Exploring the risk factors for SBS and MCS is a developing field, and various comorbidities related to MCS, such as anxiety, depression, psychotic disorders, migraines, asthma, allergies, atopic dermatitis, autoimmune diseases, neurological diseases, gynecological diseases, and cardiopulmonary diseases, have been reported as potential risks [5,8,9]. The demographics of patients with MCS, such as being female, middle-aged, and of high socioeconomic status, have also been considered potential risks [5,10]. SBS is also related to being female, atopy, anxiety, aggressiveness, low sense of coherence, neuroticism, and working in a poor psychosocial environment [11–13]. A recent review showed that SBS and MCS share common symptoms and possibly have the same mechanisms, such as neurogenic inflammation and neural sensitization [14]. Furthermore, they sometimes overlap [3], with 60% of MCS cases in Japan developing from SHS [15]. However, to the best of our knowledge, no studies have been conducted to simultaneously investigate the comorbidities of SBS (or SHS) and MCS in the general population.
Additionally, the interplay between developmental disorders, SBS, and MCS has attracted attention, and increased incidences of autism and attention deficit hyperactivity disorder (ADHD) in children of parents with MCS have been reported [16,17]. A four-country study (the United States, Australia, Sweden, and the United Kingdom) revealed that individuals with chemical sensitivity were more likely to report autism/autism spectrum disorders (ASDs); however, statistical analysis was not performed [18]. Moreover, no report exists on whether developmental disorders are more common comorbidities in patients with SBS or MCS based on statistical analyses.

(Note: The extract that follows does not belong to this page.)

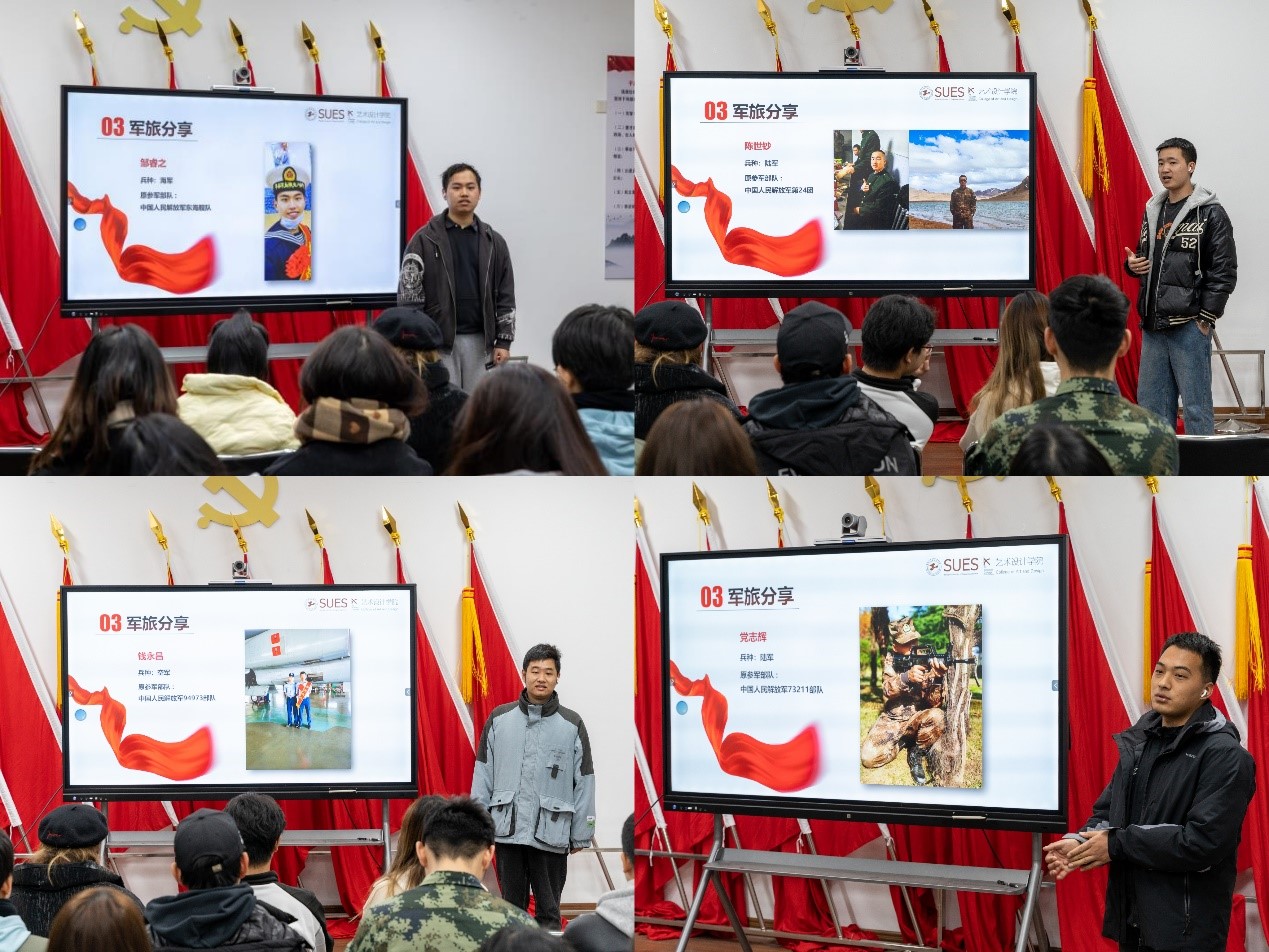 退伍学生代表邹睿之、蔡佳祥、钱永昌、党志辉和陈世钞先后分享了自身的军旅生涯,生动形象地展示了军营真实一面。他们表示在各自的军旅生涯期间,尽管苦不言堪,更多却是感受到精神的馈赠,现如今我们站在百年未有之大变局的临界点,更是感慨万分,无论是守卫边疆的陆军战士,飘扬远航的海军舵手,壮志凌云的空军地勤,还是保障维稳的武警士兵,他们都在默默无闻为了祖国的繁荣昌盛而负重前行,为我们树立了优秀的价值标杆,值得我们学习。

Thus, the aim of this epidemiological study was to investigate whether demographics, lifestyles, and comorbidities were associated with SBS or MCS among a relatively young child-bearing Japanese population, and to investigate whether autistic traits (Japanese version of the Autism-Spectrum Quotient short form, AQ-10-J) [19], psychological distress (the Japanese version of the Kessler 6-Item Psychological Distress Scale, K6) [20], and serum total and allergen-specific immunoglobulin E (IgE) levels were associated with SBS or MCS.
Materials and methods
Participants
This study was conducted using data from the Japan Environment and Children’s Study (JECS), an ongoing nationwide, multicenter, prospective birth cohort study. The study was conducted in 15 Regional Centres located in all geographical areas of Japan (Hokkaido, Miyagi, Fukushima, Chiba, Kanagawa, Koshin, Toyama, Aichi, Kyoto, Osaka, Hyogo, Tottori, Kochi, Fukuoka, and South Kyushu/Okinawa) [21,22]. Women at an early stage of pregnancy (103,057 pregnancies) and their partners (52,413) were recruited between January 2011 and March 2014. The total eligible numbers were confirmed, but the child coverage was estimated at approximately 45% in 2013 when recruitment was largely stabilized [22]. Written informed consent was obtained from all participants prior to data collection. After excluding pregnancies involving the same women, 97,410 unique pregnant women were included. After excluding participants with missing first-trimester questionnaire and age data, the final number of pregnant women was 92,387 (Fig 1a). After excluding second participating partners and those with missing the partner questionnaire and age data, 48,451 men were included (Fig 1b). We used the jecs-ta-20190930 dataset from the JECS, which was the JECS registry, the University Hospital Medical Information Network (UMIN) 000030786 (UMIN Clinical Trials Registry).
Flowchart of the study.
Ethics statement
The JECS protocol was reviewed and approved by the Institutional Review Board on Epidemiological Studies of the Ministry of the Environment and the Ethics Committees of all participating institutions. The JECS was conducted by the Declaration of Helsinki and other national regulations. Written informed consent was obtained from all participants.
History of SBS and MCS
A questionnaire was distributed to the enrolled pregnant women (mothers) during the first trimester (T1 questionnaire for mothers; if participation was delayed, it was distributed during the second or third trimester). Their partners were asked to complete a questionnaire during the mothers’ early pregnancy and one month after delivery. The questionnaire included queries about history of SBS and MCS, and those who answered yes were considered SBS-positive and MCS-positive, respectively.
Independent variables
The T1 questionnaire for mothers and the partner questionnaire included queries about history of allergies (bronchial asthma, allergic rhinitis or pollinosis, allergic conjunctivitis, atopic dermatitis, food allergy, drug eruption and drug allergy, contact dermatitis), depression, dysautonomia, anxiety disorder, schizophrenia, ADHD, learning disability (LD), ASD (questions about autism, Asperger’s syndrome, and pervasive developmental disorder [PDD]), other development disorders, hypertension, dyslipidemia, cardiovascular diseases, migraine, diabetes, thyroid diseases, other endocrine disorders, autoimmune diseases, digestive diseases, cancer, and kidney diseases. The questionnaire also included questions on smoking (‘never,’ ‘previously did, but quit before realizing current pregnancy,’ or ‘previously did, but quit after realizing current pregnancy/ currently smoking’) and drinking habits (‘nondrinker,’ ‘ex-drinker,’ and ‘drinker’).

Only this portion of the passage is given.